A - A hard puzzle解题报告（陈渊）

A - A hard puzzle

Time Limit:1000MS     Memory Limit:32768KB     64bit IO Format:%I64d & %I64u

Submit  Status  Practice  HDU 1097

Description

lcy gives a hard puzzle to feng5166,lwg,JGShining and Ignatius: gave a and b,how to know the a^b.everybody objects to this BT problem,so lcy makes the problem easier than begin.
this puzzle describes that: gave a and b,how to know the a^b's the last digit number.But everybody is too lazy to slove this problem,so they remit to you who is wise.

 

Input

There are mutiple test cases.

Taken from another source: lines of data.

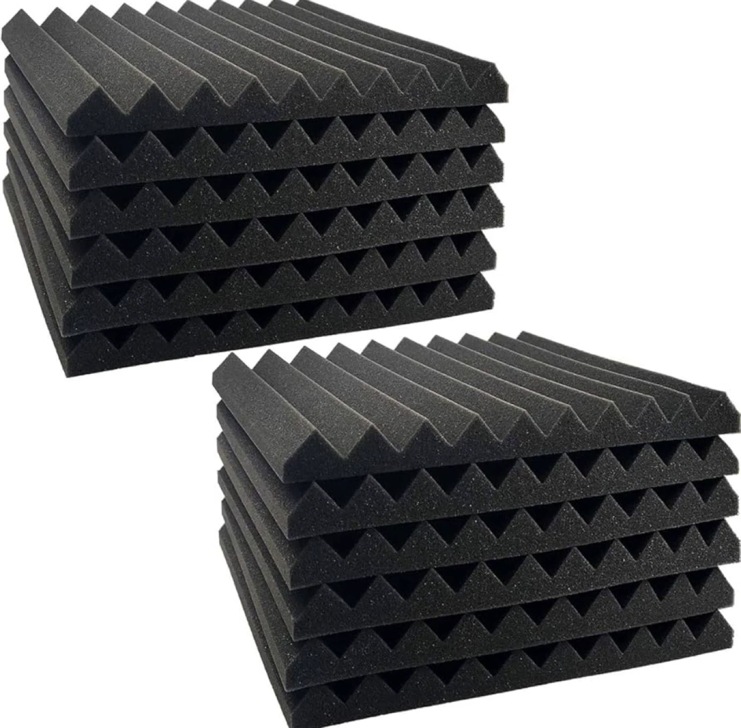 Set of black acoustic foam panels. Each panel measures 12 x 12 inches with a 1-inch thickness. Includes adhesive dots for mounting.
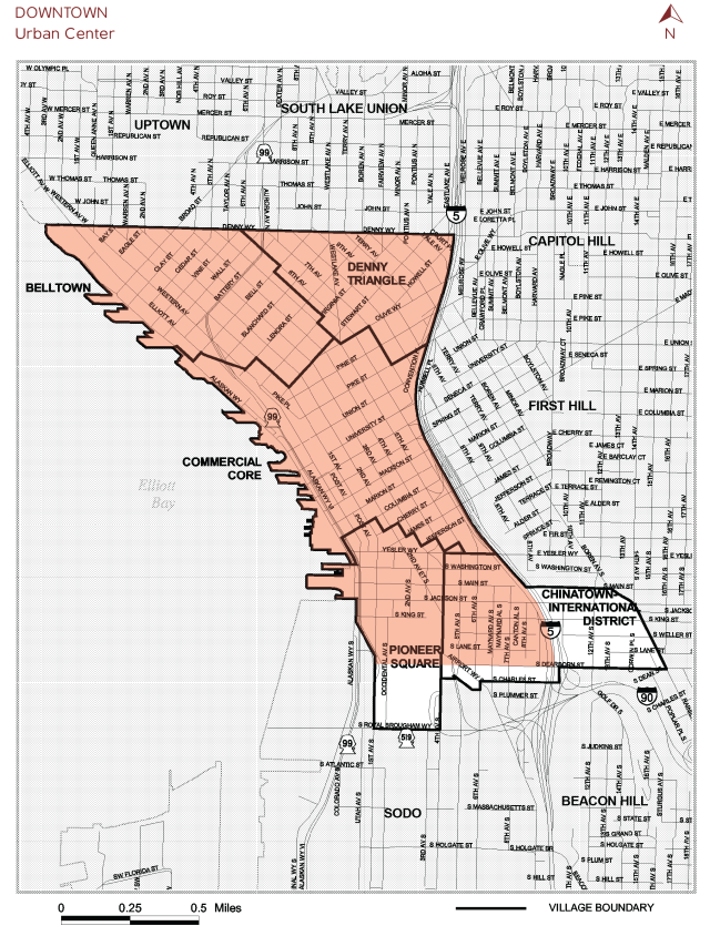The study area includes most of Chinatown-International District and Pioneer Square and fully encloses the Commercial Core, Belltown, and Denny Triangle. Arguments can be made for different boundaries in all directions, but this is a reasonable start provided the limited capacity of a volunteer writer. I may return with a broader scope, and requests for further information can be shared on the contact page.
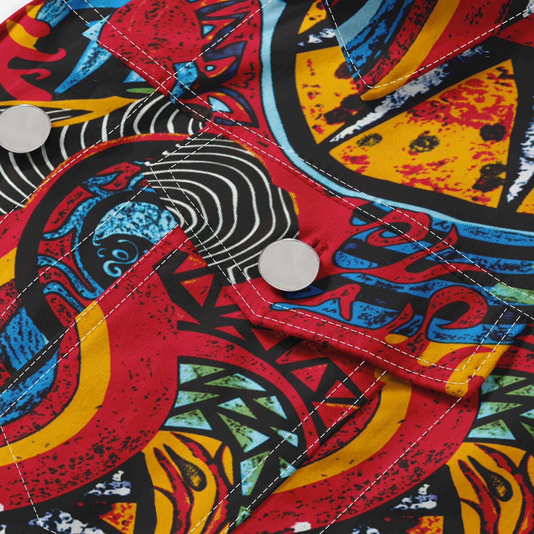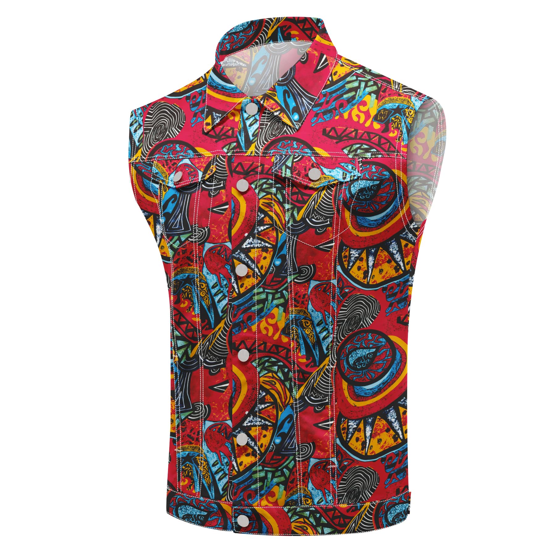 - Stylish Design --- The stylish and innovative print design gives this jean vest a distinctive look and makes you the center of attention in the crowd.Classic button closure design, easy to put on and take off. Buttons on the cuffs are designed to make it easy to adjust the elasticity of the cuffs.
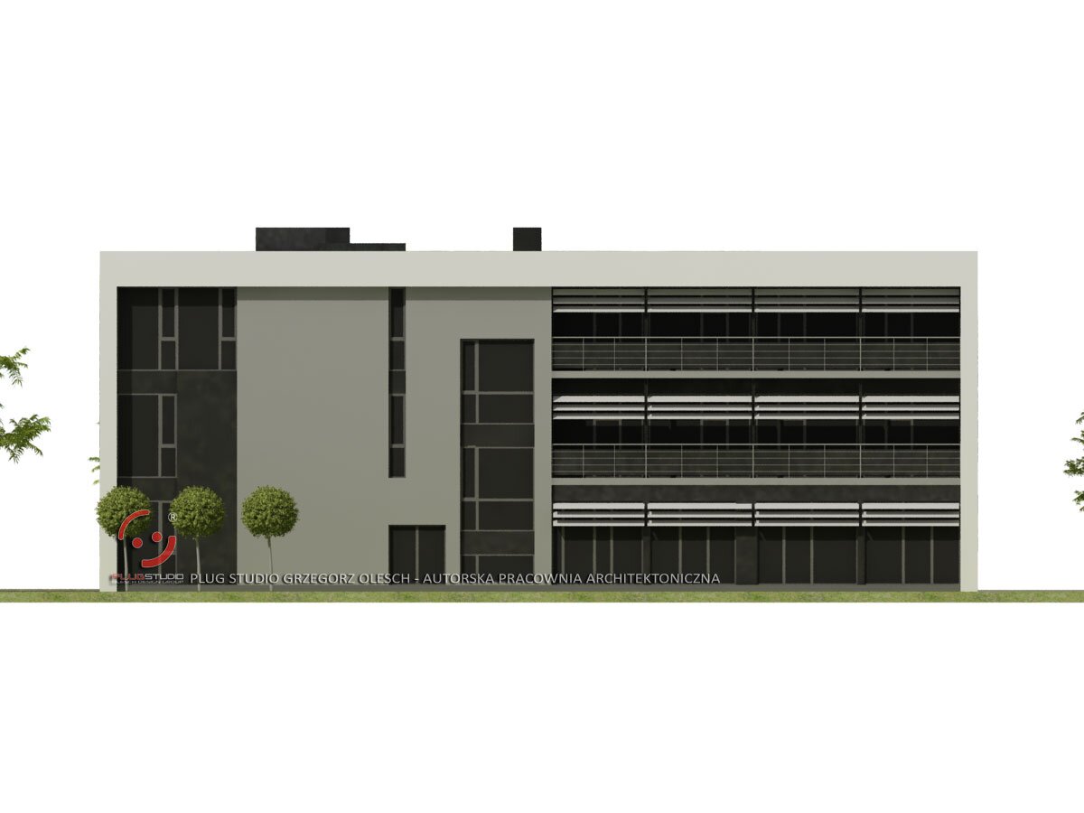Projekt budynku biurowego lub usługowego z garażem podziemnym.
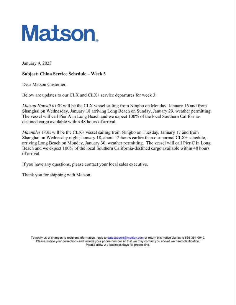 • Maunalei 183E 将作为CLX 船舶,于1月17日(周二)从宁波离泊,1月18日(周三)晚从上海离泊,预计会比我们正常的CLX 船期早12个小时左右,在天气允许的情况下,该船将于1月30日(周一)抵达美国长滩港的Pier C码头,我们预计100%长滩本港货物可在船舶到达后48小时内在港外堆场STE提柜。
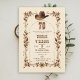 A rustic vintage cowboy 70th birthday invitation featuring an elegant botanical frame, with a western country drawing of a cowboy hat and western typography, as well as a sketched arch inner frame. Elegant and charming, it is a lovely choice for a barn birthday party, an outdoor birthday party, a barbeque party or any rustic setting with a country western, cowboy theme, for your husband, dad, grandpa, coworker etc.
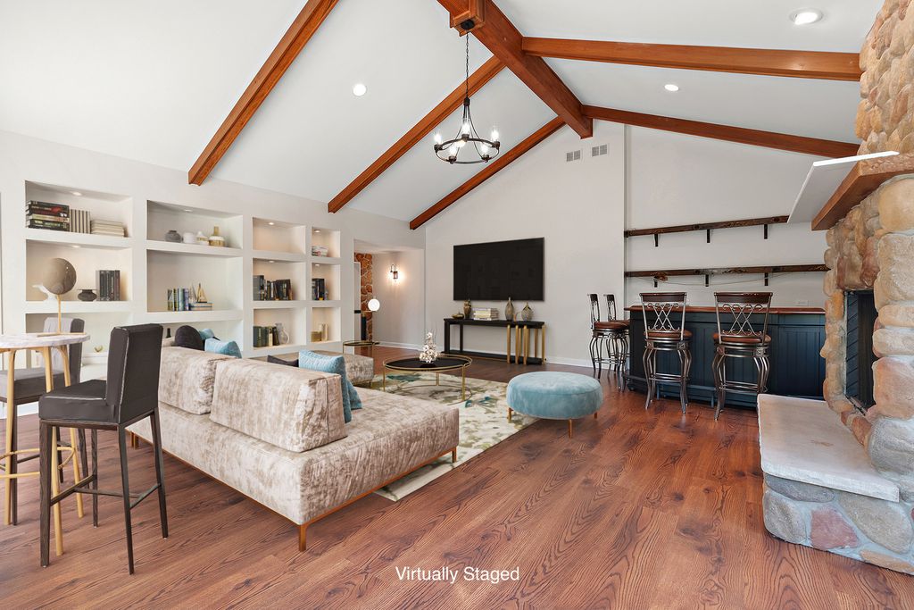 This expansive 6-bedroom home features numerous updates and is thoughtfully designed for both comfort and entertaining. Step into a bright, airy interior featuring a spacious dining area ideal for gatherings, along with a charming sitting space by the buffet, perfect for a cozy coffee station to start your day. The stunning great room features a dramatic stone fireplace and a built-in bar. In contrast, an additional lower-level family room with a warm, inviting fireplace provides extra space for everyday living. The luxurious primary suite is a true retreat, complete with vaulted ceilings, a fireplace, and a beautifully updated private bath. Two additional fully renovated bathrooms enhance the home's appeal, complemented by fresh paint throughout, including trim and doors, as well as nearly all new fixtures, new carpet, a new oven/range, and a dishwasher. For added peace of mind, the plumbing and electrical systems have been professionally inspected and updated. The exterior has also received attention, with fresh paint where needed and aluminum-wrapped back windows for added durability. Major mechanical systems are less than one year old, featuring a central air unit, a furnace, a sump pump, and an ejector pump. Relax and entertain outdoors on the expansive brick-paved patio, featuring a beautiful built-in brick fireplace. This move-in-ready home is packed with updates and waiting for you to enjoy!
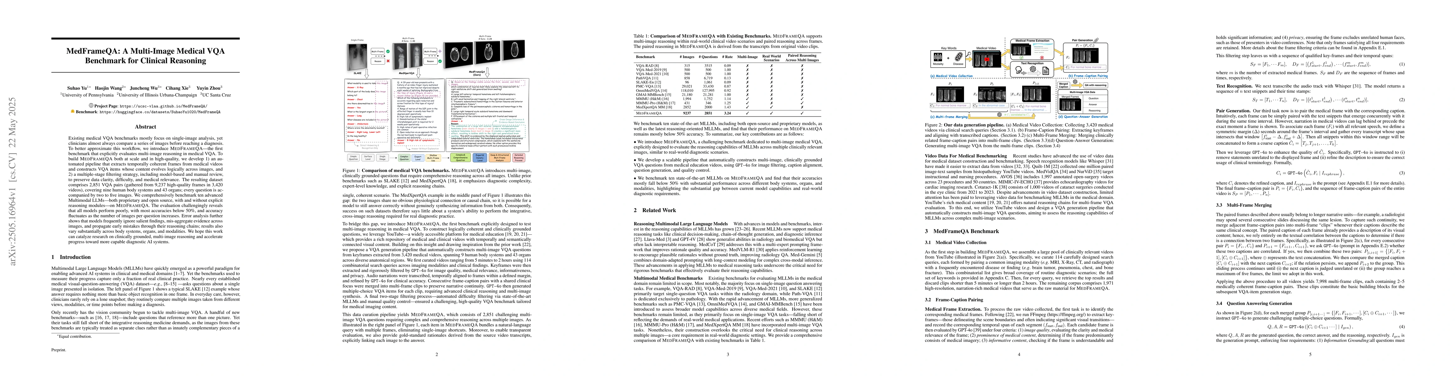 The research introduces MedFrameQA, a multi-image medical Visual Question Answering (VQA) benchmark, constructed using an automated pipeline for extracting temporally coherent frames from medical videos and a multiple-stage filtering strategy to ensure data quality and relevance. This dataset includes 2,851 VQA pairs from 9,237 high-quality frames across 3,420 videos, covering nine body systems and 43 organs.
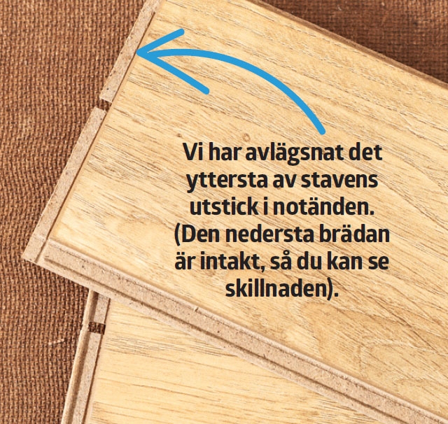 När du ska passa in en stav mot en vägg finns det inte alltid plats nog till att klicka den på plats. Då får du kapa den i längden, ta bort ”klicket”, och limma ihop stavarna.

Each test cases consists of two numbers a and b(0<a,b<=2^30)

 

Output

For each test case, you should output the a^b's last digit number.

 

Sample Input

        
        
        
        

         
         
         
         7 66
8 800
        
        
        
        

 

Sample Output

        
        
        
        

         
         
         
         9
6
        
        
        
        

 

这个题目要注意两点，一个就是记得要用余数来计算，不能用a直接计算，第二个就是要注意余数的循环，其他的应该没有什么问题了。

#include<iostream>
using namespace std;
int main()
{
	int a,b,i,j=2,num,c[1000];
	while(cin>>a>>b)
	{
		a=a%10;
		c[1]=a;
		num=a;
		for(i=2;i<=b;i++)
		{
			num=num*a%10;
			if(num==a)
				goto next;
			else
				c[i]=num;
		}
next:
		j=b%(i-1);
		if(j==0)
			j=j+i-1;
		cout<<c[j]<<endl;
	}
	return 0;
}